Euclidean distance is widely used in k-nearest neighbors, k-means clustering, and principal component analysis. However, it can become unreliable in high-dimensional spaces due to the "curse of dimensionality," where distances between points tend to converge and become less discriminative.
The Manhattan distance (also called L1 distance, taxicab distance, or city-block distance) sums the absolute differences along each dimension:
d(x, y) = Σᵢ |xᵢ - yᵢ|
The name comes from the grid-like street layout of Manhattan, where travel between two points follows the grid rather than a straight line. Manhattan distance is more robust to outliers than Euclidean distance because it does not square the differences. It is also a true metric.
The Minkowski distance is a generalization that includes both Euclidean and Manhattan distance as special cases:
d(x, y) = (Σᵢ |xᵢ - yᵢ|^p)^(1/p)
The parameter p determines the type of distance:
| Value of p | Resulting metric | Also known as |
|---|---|---|
| p = 1 | Manhattan distance | L1 norm, taxicab distance |
| p = 2 | Euclidean distance | L2 norm |
| p → ∞ | Chebyshev distance | L∞ norm, maximum metric |
The Chebyshev distance equals the maximum absolute difference along any single dimension: d(x, y) = maxᵢ |xᵢ - yᵢ|. It is used in chess (the minimum number of moves a king needs to travel between two squares) and in warehouse logistics.

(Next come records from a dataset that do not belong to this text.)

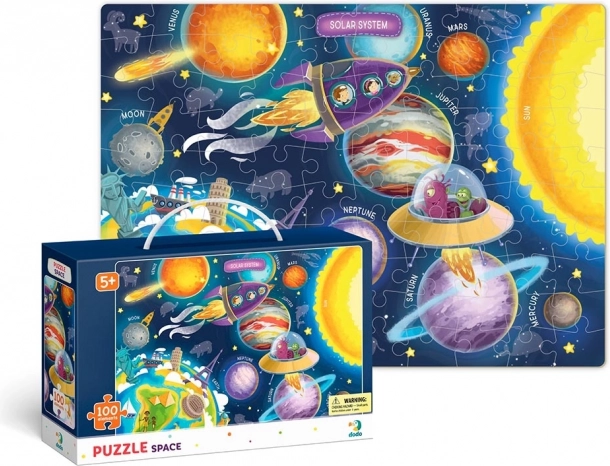Durante la composizione di questo puzzle, i bambini imparano a conoscere i singoli pianeti del sistema solare. Età: 5+. Dimensioni del puzzle completato: 64×46 cm
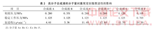 为保证盾尾密封脂的粘附性,盾尾密封脂组分中一般使用了高分子合成液,高分子合成液的分子量对盾尾密封脂泵送性的影响见表2。
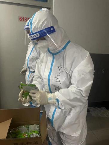 6號樓的疫情防控形勢嚴峻,不時有同學被轉運,當看到熟悉的老師們在給大家服務的時候,同學們的思想壓力得到了緩解,對快速戰勝疫情、恢復正常學習生活充滿了信心。
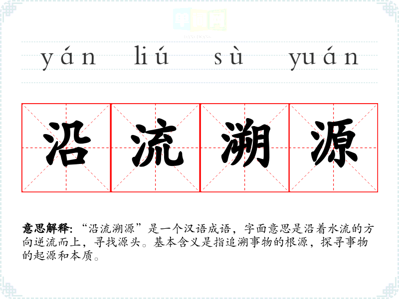 | 沿流溯源 | 沿流:顺着水流;溯源:探索源头。循着水流寻找源头。原比喻作文时由次要的写到主要的,最后点出主题。后比喻探讨事物的本末。 |
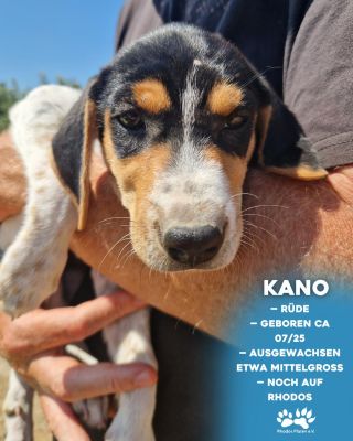 Kano zeigt sich bei Menschen etwas schüchterner als seine Geschwister. Im Kontakt mit Artgenossen ist er dagegen ein echter Draufgänger, der auch mit älteren Hunden spielt. Auch erkundet er recht selbstbewusst fremde Umgebungen.
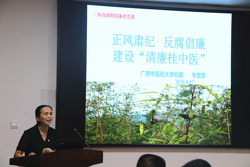 学校纪委书记韦雪芳以《正风肃纪 反腐倡廉 建设“清廉桂中医”》为主题,从当前医疗领域反腐倡廉的形势、医疗领域存在的腐败和作风问题及个人体会,结合法律法规上了一堂生动的廉政党课。韦雪芳强调,直属附属医院作为星空彩票老版本下载的一部分,要时常以初心和使命检视自己,时刻保持政治定力,坚决克服“疲劳综合征”,牢记全心全意为人民服务的根本宗旨,努力为人民做实事、谋幸福,正风反腐,为建设风清气正的星空彩票老版本下载作贡献。
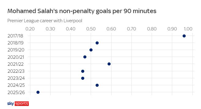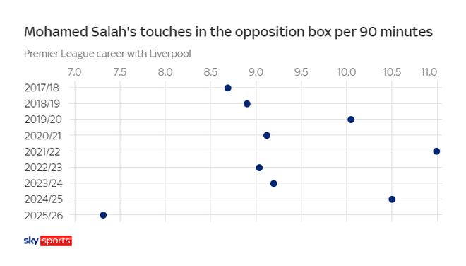 薩拉赫本賽季在對(duì)手禁區(qū)內(nèi)的場(chǎng)均觸球次數(shù)同樣下滑,而且又一次創(chuàng)造歷史新低。
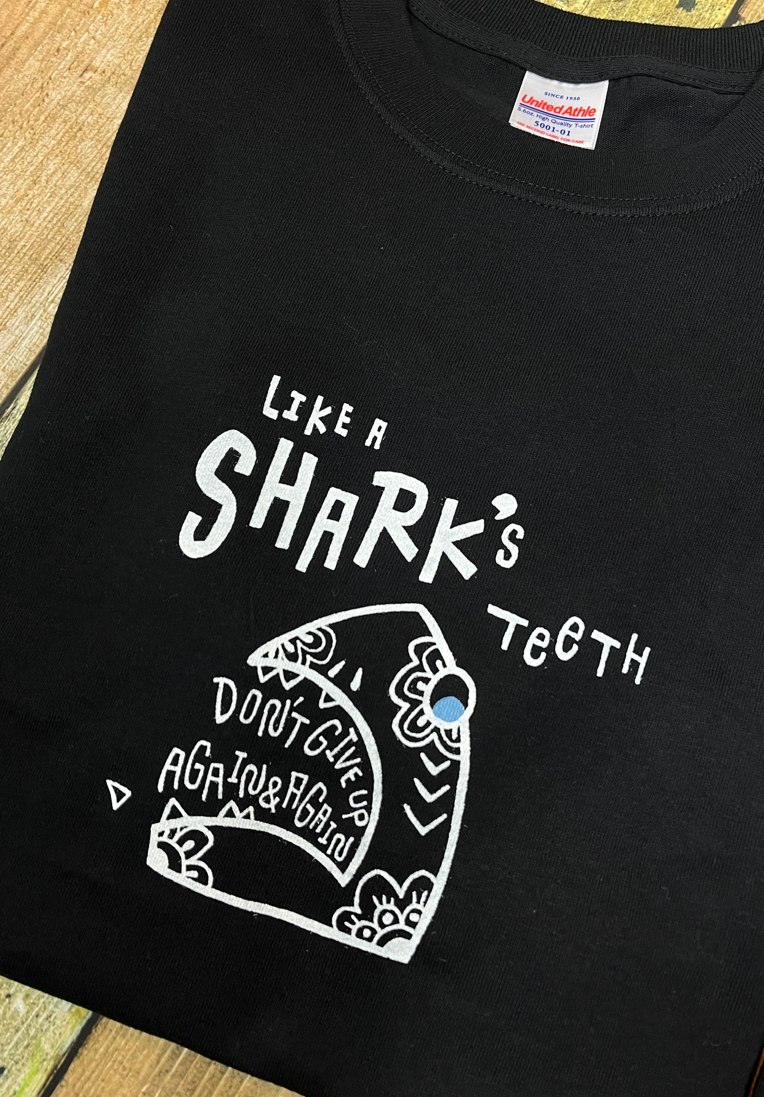 何度も生え変わるサメの歯のように何事も諦めずに何度も何度も頑張ろう♪という意味を込めて作りました。
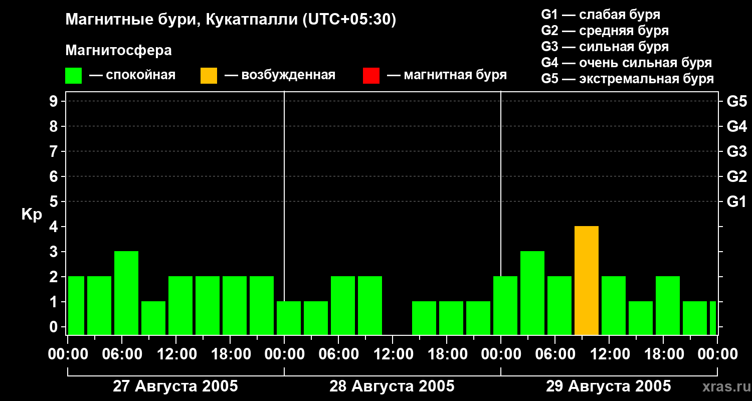Изменения геомагнитного индекса Kp с 27 по 29 августа 2005 года для средних широт
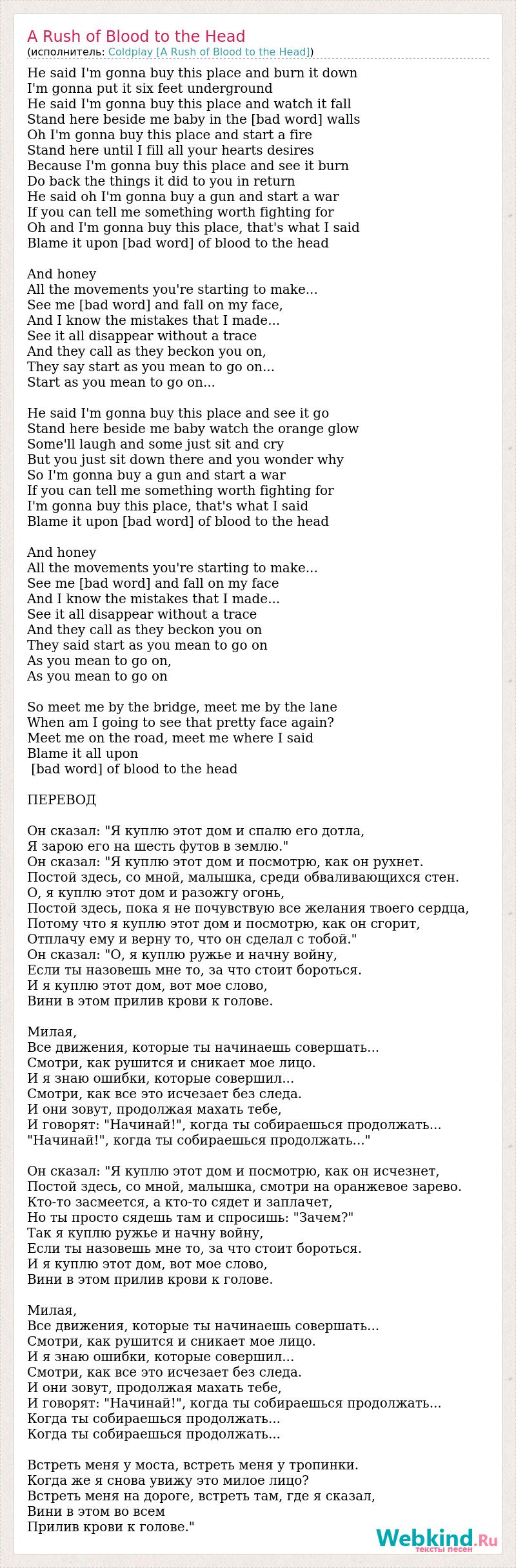 He said I'm gonna buy this place and burn it down I'm gonna put it six feet underground He said I'm gonna buy this place and watch it fall Stand here beside me baby in the [bad word] walls Oh I'm gonna buy this place and start a fire Stand here until I fill all your hearts desires Because I'm gonna buy this place and see it burn Do back the things it did to you in return He said oh I'm gonna buy a gun and start a war If you can tell me something worth fighting for Oh and I'm gonna buy this place, that's what I said Blame it upon [bad word] of blood to the head And honey All the movements you're starting to make... See me [bad word] and fall on my face, And I know the mistakes that I made... See it all disappear without a trace And they call as they beckon you on, They say start as you mean to go on... Start as you mean to go on... He said I'm gonna buy this place and see it go Stand here beside me baby watch the orange glow Some'll laugh and some just sit and cry But you just sit down there and you wonder why So I'm gonna buy a gun and start a war If you can tell me something worth fighting for I'm gonna buy this place, that's what I said Blame it upon [bad word] of blood to the head And honey All the movements you're starting to make... See me [bad word] and fall on my face And I know the mistakes that I made... See it all disappear without a trace And they call as they beckon you on They said start as you mean to go on As you mean to go on, As you mean to go on So meet me by the bridge, meet me by the lane When am I going to see that pretty face again? Meet me on the road, meet me where I said Blame it all upon [bad word] of blood to the head ПЕРЕВОД Он сказал: "Я куплю этот дом и спалю его дотла, Я зарою его на шесть футов в землю." Он сказал: "Я куплю этот дом и посмотрю, как он рухнет. Постой здесь, со мной, малышка, среди обваливающихся стен. О, я куплю этот дом и разожгу огонь, Постой здесь, пока я не почувствую все желания твоего сердца, Потому что я куплю этот дом и посмотрю, как он сгорит, Отплачу ему и верну то, что он сделал с тобой." Он сказал: "О, я куплю ружье и начну войну, Если ты назовешь мне то, за что стоит бороться. И я куплю этот дом, вот мое слово, Вини в этом прилив крови к голове. Милая, Все движения, которые ты начинаешь совершать... Смотри, как рушится и сникает мое лицо. И я знаю ошибки, которые совершил... Смотри, как все это исчезает без следа. И они зовут, продолжая махать тебе, И говорят: "Начинай!", когда ты собираешься продолжать... "Начинай!", когда ты собираешься продолжать..." Он сказал: "Я куплю этот дом и посмотрю, как он исчезнет, Постой здесь, со мной, малышка, смотри на оранжевое зарево. Кто-то засмеется, а кто-то сядет и заплачет, Но ты просто сядешь там и спросишь: "Зачем?" Так я куплю ружье и начну войну, Если ты назовешь мне то, за что стоит бороться. И я куплю этот дом, вот мое слово, Вини в этом прилив крови к голове. Милая, Все движения, которые ты начинаешь совершать... Смотри, как рушится и сникает мое лицо. И я знаю ошибки, которые совершил... Смотри, как все это исчезает без следа. И они зовут, продолжая махать тебе, И говорят: "Начинай!", когда ты собираешься продолжать... Когда ты собираешься продолжать... Когда ты собираешься продолжать... Встреть меня у моста, встреть меня у тропинки. Когда же я снова увижу это милое лицо? Встреть меня на дороге, встреть там, где я сказал, Вини в этом во всем Прилив крови к голове."

Cosine similarity measures the cosine of the angle between two non-zero vectors, ignoring their magnitudes:
cos(θ) = (x · y) / (‖x‖ · ‖y‖) = Σᵢ xᵢyᵢ / (√(Σᵢ xᵢ²) · √(Σᵢ yᵢ²))
The result ranges from -1 (opposite directions) through 0 (orthogonal) to +1 (same direction). When vectors contain only non-negative values (common in text processing), the range is 0 to 1.
Cosine similarity is one of the most widely used measures in natural language processing and information retrieval. It powers document similarity in the vector space model, where documents are represented as TF-IDF vectors. Because it ignores magnitude, cosine similarity is not affected by document length, which makes it well suited for comparing texts of different sizes.
Cosine distance is defined as 1 - cos(θ). Note that cosine distance is not a proper metric because it does not satisfy the triangle inequality in general, although a modified form based on the angular distance (arccos(cos(θ)) / π) does satisfy it.
The Mahalanobis distance accounts for correlations between variables by incorporating the covariance matrix of the data:
d(x, y) = √((x - y)ᵀ S⁻¹ (x - y))
Here S is the covariance matrix. When S is the identity matrix, the Mahalanobis distance reduces to the Euclidean distance. The Mahalanobis distance effectively rescales and rotates the feature space so that correlated features are handled properly. It is especially useful in anomaly detection, where it determines whether a new data point lies within the normal distribution of training data, and in multivariate statistical tests.
The Jaccard index (also called the Jaccard similarity coefficient or intersection over union) measures the overlap between two finite sets:
J(A, B) = |A ∩ B| / |A ∪ B|
The value ranges from 0 (no shared elements) to 1 (identical sets). When both sets are empty, the Jaccard index is conventionally defined as 1.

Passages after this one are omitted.